* PROBLEM DETAILS
An exact restatement is required. Cover only the lines of the records from the first through the line with "French oak hand", and skip pictures.

* EXTRACTED MATERIAL
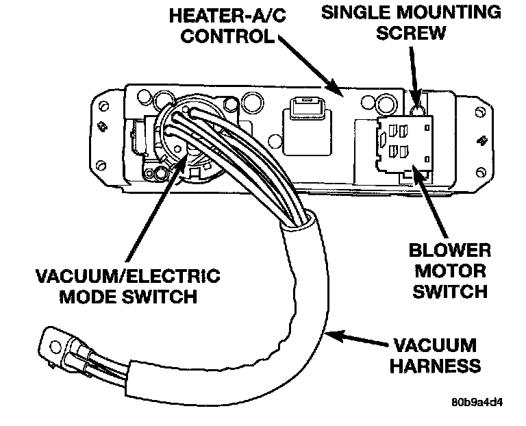 4. Remove the screw that secures the blower motor switch to the rear of the heater-A/C control.
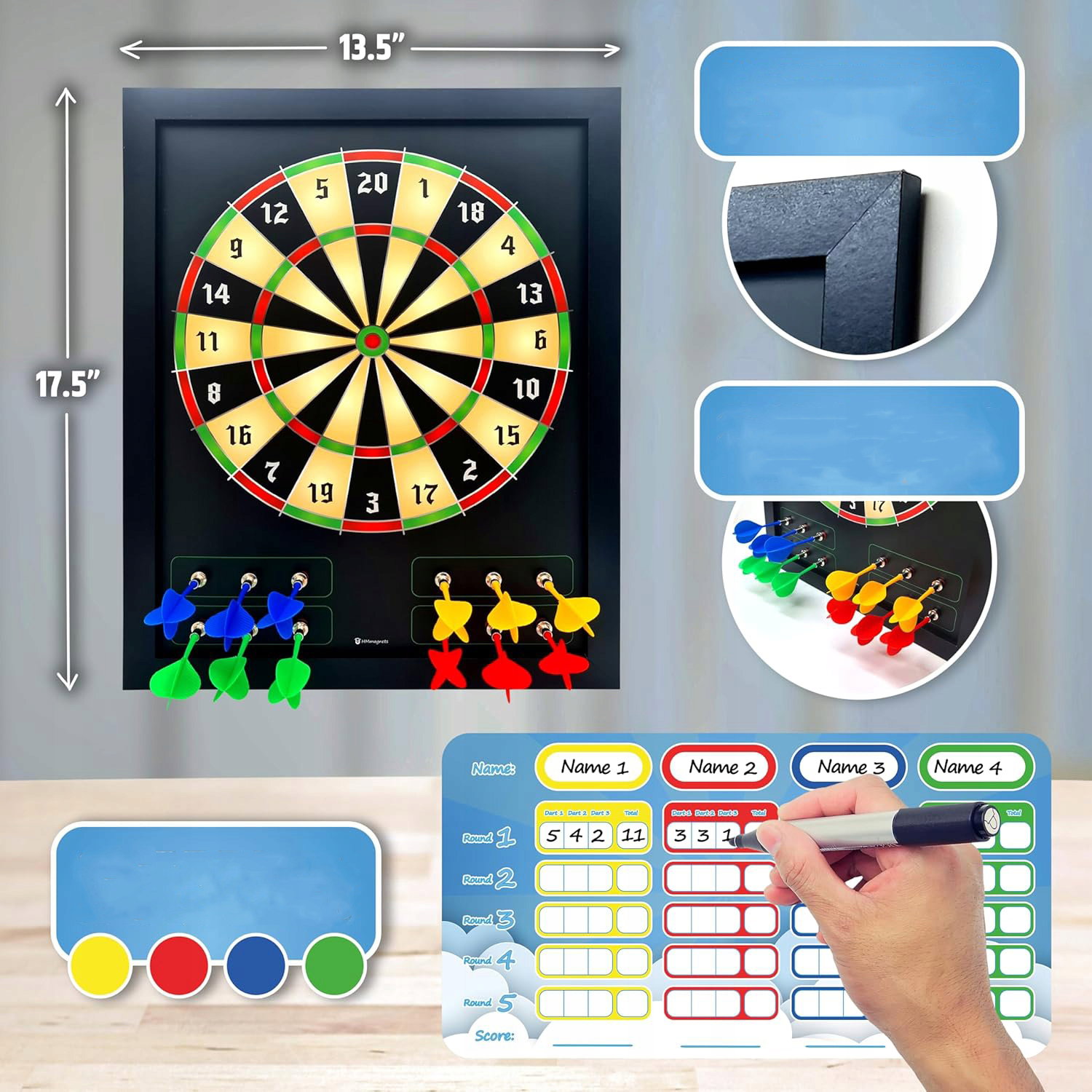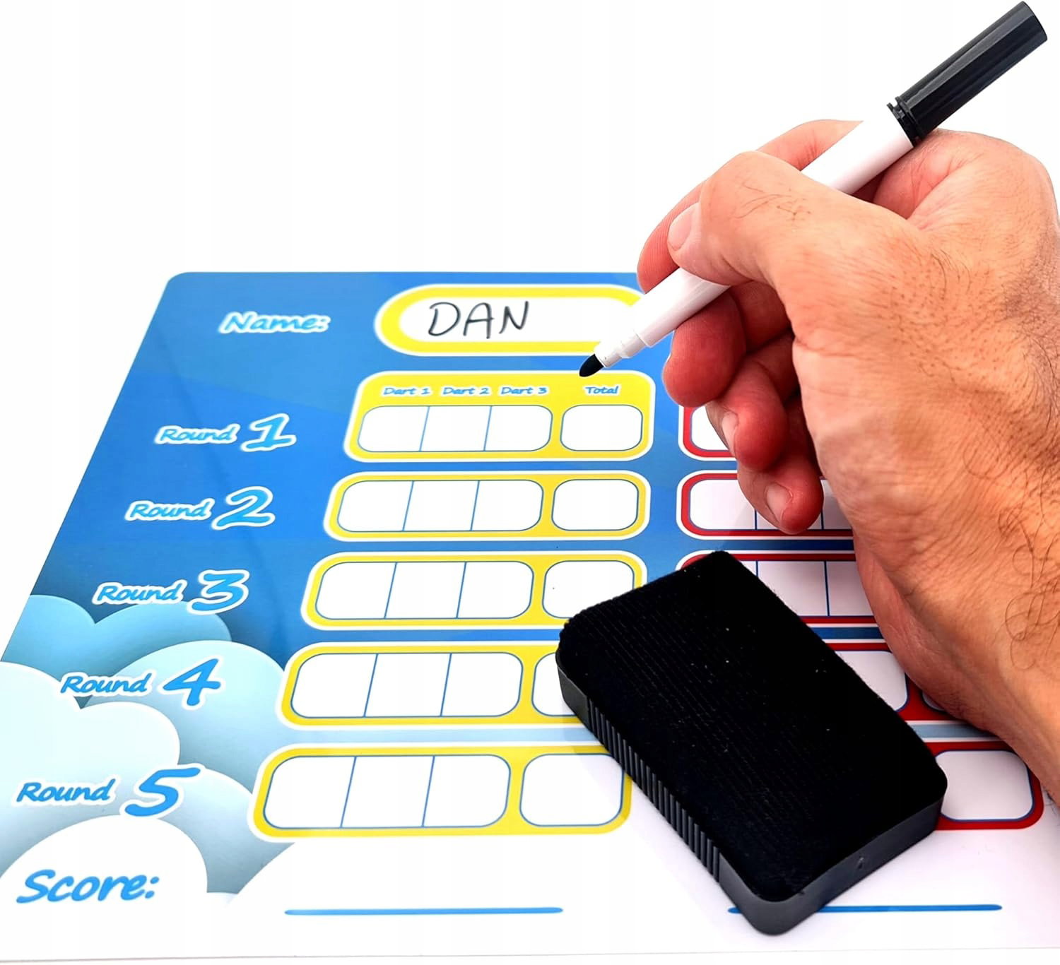 Suchościeralna tablica umożliwia łatwe śledzenie punktów nawet przez 5 rund. Każdy gracz może wybrać swój kolor i zapisywać wyniki z 3 rzutów w każdej rundzie. To nie tylko zabawa, ale także świetny sposób na ćwiczenie liczenia i koncentracji.
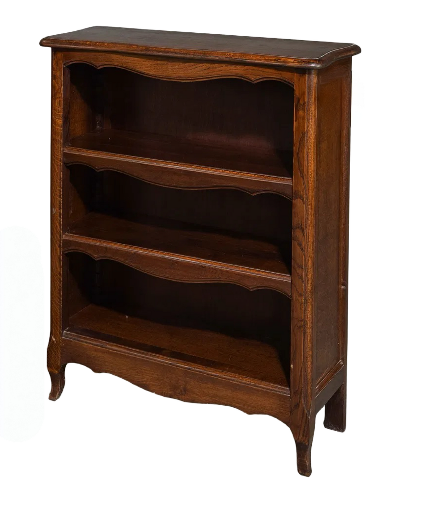 French oak hand carved three shelf open bookcase in Louis XV style. France, circa 1890. Measures 36 in tall x 28 x 10.5.
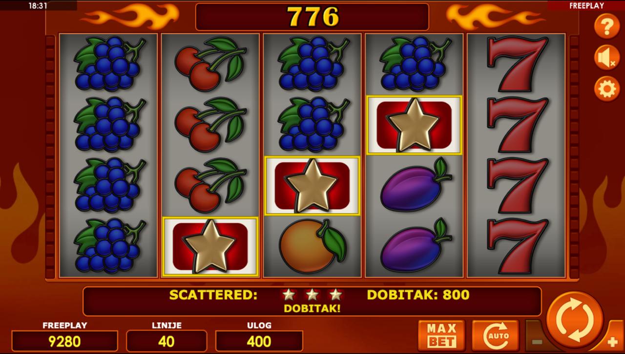 Odaberi ulog između 0,40 € i 10,00 €, pokreni spin i prati simbole na rolama. Ako se simboli poravnaju na isplatnoj liniji — ostvaruješ dobitak. Igra ne sadrži bonus funkcije, besplatne vrtnje ni jackpot — sve ovisi o razmještaju simbola i sreći pri svakom spinu.
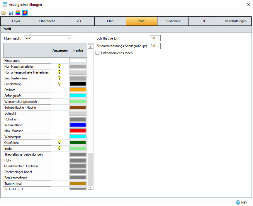 Die Tabelle bestimmt die Farben der Elemente in der Profilansicht sowohl im primären Fenster als auch im Formular Profil plotten.
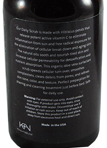 -. Feature : Our Daily Scrub is made with Hibiscus petals that release potent active vitamin C to eliminate inflammation from sun and free radical exposure for the elimination of cellular break down and aging skin / The natural oils sooth and nourish tired skin and increase cellular permeability for detoxification and nutrient absorption / This organic aloe vera surfactant scrub speeds cellular turn over, smoothes complexions, clears debris from pores, and refines skin tone, color, and texture. / Perfect preparation for shaving and cleaning treatment just before bed. Safe for daily use. / Risk Free - 100% Satisfaction Guaranteed with a 60 day return hassle free return policy.
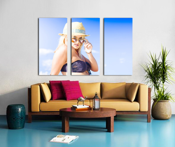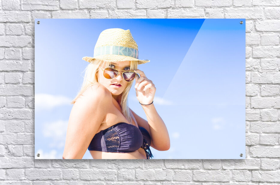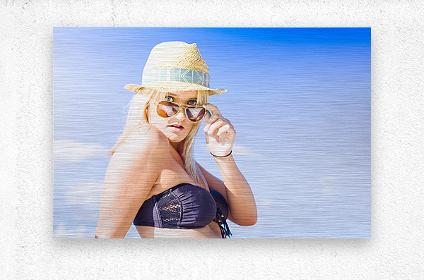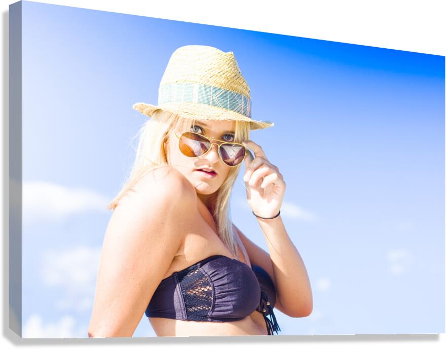 Blonde Sexy Glamour Woman Pulling Down Sun Shades With A Surprised Stunned And Shocked Expression In A Depiction Of Surprise And Shock Copyspace In Blue Sky
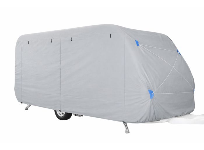 Dankzij drie ritsen aan één zijde kun je de caravan ook tijdens de stalling betreden. De elastische band in de zoom en de gespsluiting zorgen ervoor dat de hoes goed aansluit en stevig blijft zitten. Versterkte hoeken en verstevigde zeilringen verhogen de duurzaamheid.
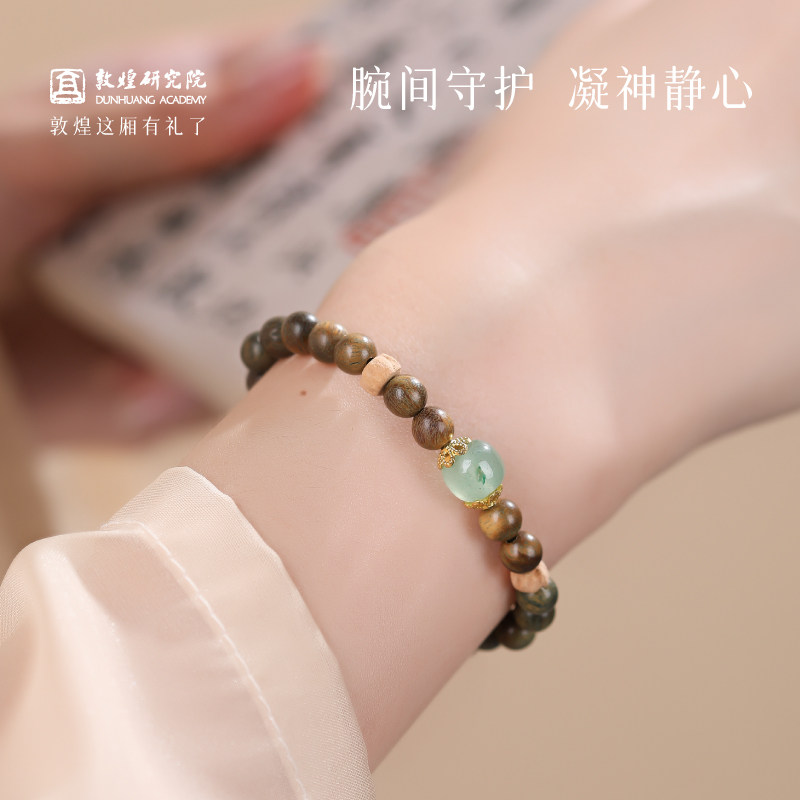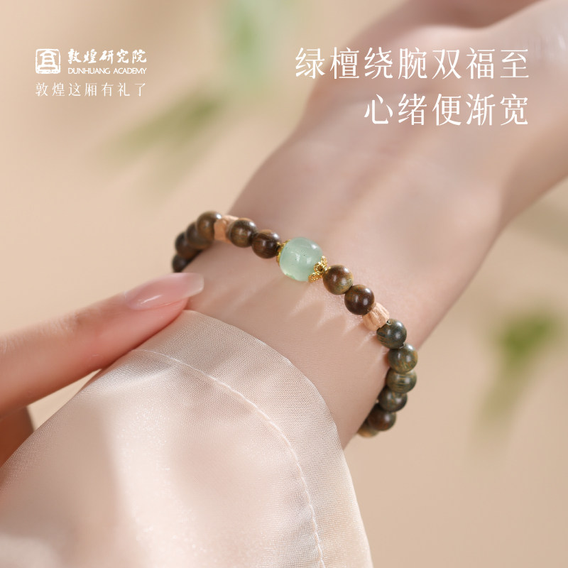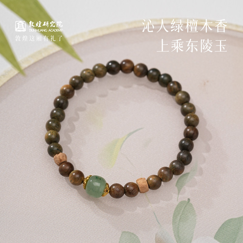 敦煌研究院天然绿檀木百香籽核桃单圈手串女款文创文玩手链和田玉
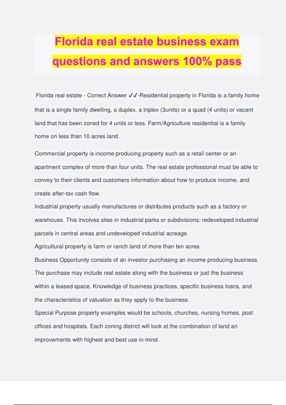 Florida real estate business exam questions and answers 100% pass Florida real estate - Correct Answer ️️ -Residential property in Florida is a family home that is a single family dwelling, a duplex, a triplex (3units) or a quad (4 units) or vacant land that has been zoned for 4 units or less. Farm/Agriculture residential is a family home on less than 10 acres land. Commercial property is income producing property such as a retail center or an apartment complex of more than four units. The real estate professional must be able to convey to their clients and customers information about how to produce income, and create after-tax cash flow. Industrial property usually manufactures or distributes products such as a factory or warehouse. This involves sites in industrial parks or subdivisions; redeveloped industrial parcels in central areas and undeveloped industrial acreage. Agricultural property is farm or ranch land of more than ten acres. Business Opportunity consists of an investor purchasing an income producing business. The purchase may include real estate along with the business or just the business within a leased space. Knowledge of business practices, specific business loans, and the characteristics of valuation as they apply to the business. Special Purpose property examples would be schools, churches, nursing homes, post offices and hospitals. Each zoning district will look at the combination of land an improvements with highest and best use in mind. Residential property - Correct Answer ️️ -in Florida is a family home that is a single family dwelling, a duplex, a triplex (3units) or a quad (4 units) or vacant land that has been zoned for 4 units or less. Farm/Agriculture residential is a family home on less than 10 acres land. Commercial property - Correct Answer ️️ -is income producing property such as a retail center or an apartment complex of more than four units. The real estate professional must be able to convey to their clients and customers information about how to produce income, and create after-tax cash flow. Industrial property - Correct Answer ️️ -usually manufactures or distributes products such as a factory or warehouse. This involves sites in industrial parks or subdivisions; redeveloped industrial parcels in central areas and undeveloped industrial acreage. Agricultural property - Correct Answer ️️ -is farm or ranch land of more than ten acres. Business Opportunity - Correct Answer ️️ -consists of an investor purchasing an income producing business. The purchase may include real estate along with the business or just the business within a leased space. Knowledge of business practices, specific business loans, and the characteristics of valuation as they apply to the business. Special Purpose property - Correct Answer ️️ -examples would be schools, churches, nursing homes, post offices and hospitals. Each zoning district will look
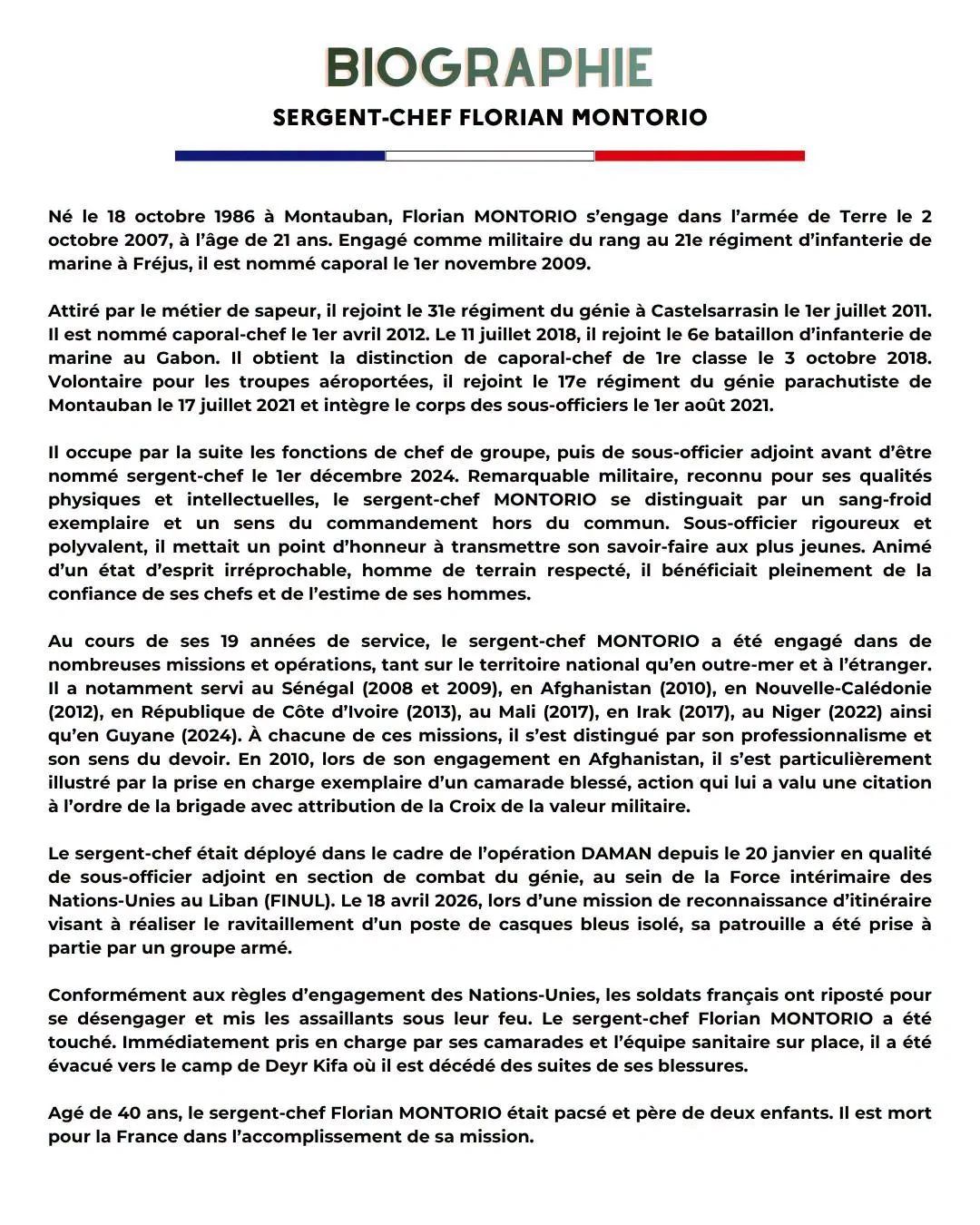 Aujourd’hui, le sergent-chef Florian Montorio est mort pour la France dans le cadre de l’opération DAMAN, engagement français au sein de la Force intérimaire des Nations-Unies au Liban. Pris à partie par des tirs, avec sa patrouille au cours d’une mission d’ouverture d’itinéraire pour ravitailler un poste isolé de casques bleus, et malgré la prise en charge immédiate par ses camarades et les équipes médicales spécialisées, il n’a pas pu être sauvé. Au nom des armées françaises, j’adresse mes condoléances à sa famille, ses proches et ses frères d’armes du @17eRGP. J’ai également une pensée pour ses camarades blessés au cours de cette action qui ont fait preuve d’une grande bravoure.
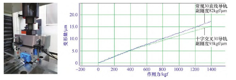 根據行業標準中的定義,靜剛度是指滾動直線導軌副抵抗變形的能力(單位變形所需要的載荷)。華中科技大學的方健等也研制了一種滾動直線導軌副靜剛度試驗臺,通過計算機來完成相關測試和控制。對于十字交叉導軌副其試驗方案大體相似,具體檢測數據如圖5所示。試驗采用本文所述的十字交叉導軌副及常規的直線導軌副進行靜剛度測試對比,通過測試數據可見,在相等規格、相同預緊力及相同的負載條件下,十字交叉導軌副的靜剛度較常規的直線導軌副提升13%左右。
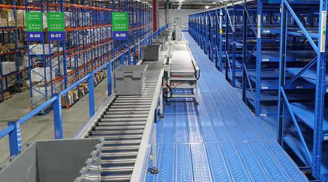 一般由鋼帶、皮帶、滾筒等組成滑道,使商品從主輸送裝置滑向集貨站臺,在那里由工作人員將該道口的所有商品集中后或是入庫儲存,或是組配裝車并進行配送作業(yè)。
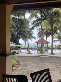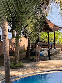 This property features an outdoor pool, as well as a private pool and a living room.
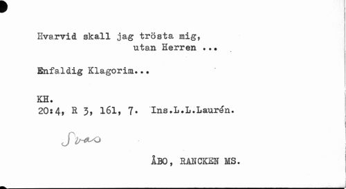 //// W i //// Hvarvid skall jag trösta mig, //// utan Herren .. . //// Enfaldig Klagorim. • ? KH. //// 20:4, R 3, 161, 7» Ins.L.L.Laurén* //// [ //// ÅBO, BMCKEN MS. //// i ////
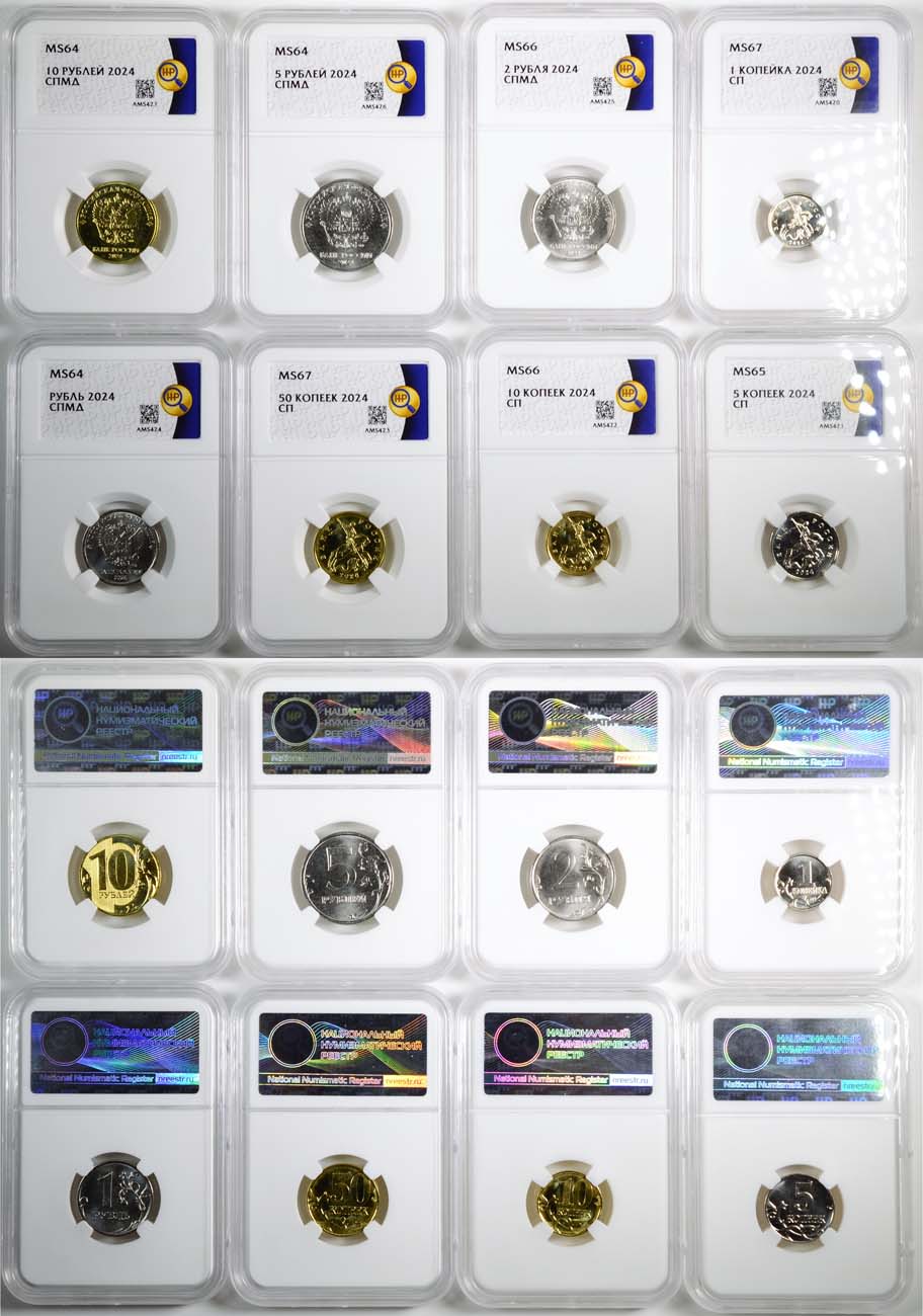 10 рублей 2024 года. СПМД. ННР MS 64. 5 рублей 2024 года. СПМД. ННР MS 64. 2 рубля 2024 года. СПМД. ННР MS 66. 1 рубль 2024 года. СПМД. ННР MS 64. 50 копеек 2024 года. СПМД. ННР MS 67. 10 копеек 2024 года. СПМД. ННР MS 66. 5 копеек 2024 года. СПМД. ННР MS 65. 1 копейка 2024 года. СПМД. ННР MS 67.

* RESPONSE BELOW
 4. Remove the screw that secures the blower motor switch to the rear of the heater-A/C control.
 Suchościeralna tablica umożliwia łatwe śledzenie punktów nawet przez 5 rund. Każdy gracz może wybrać swój kolor i zapisywać wyniki z 3 rzutów w każdej rundzie. To nie tylko zabawa, ale także świetny sposób na ćwiczenie liczenia i koncentracji.
 French oak hand carved three shelf open bookcase in Louis XV style. France, circa 1890. Measures 36 in tall x 28 x 10.5.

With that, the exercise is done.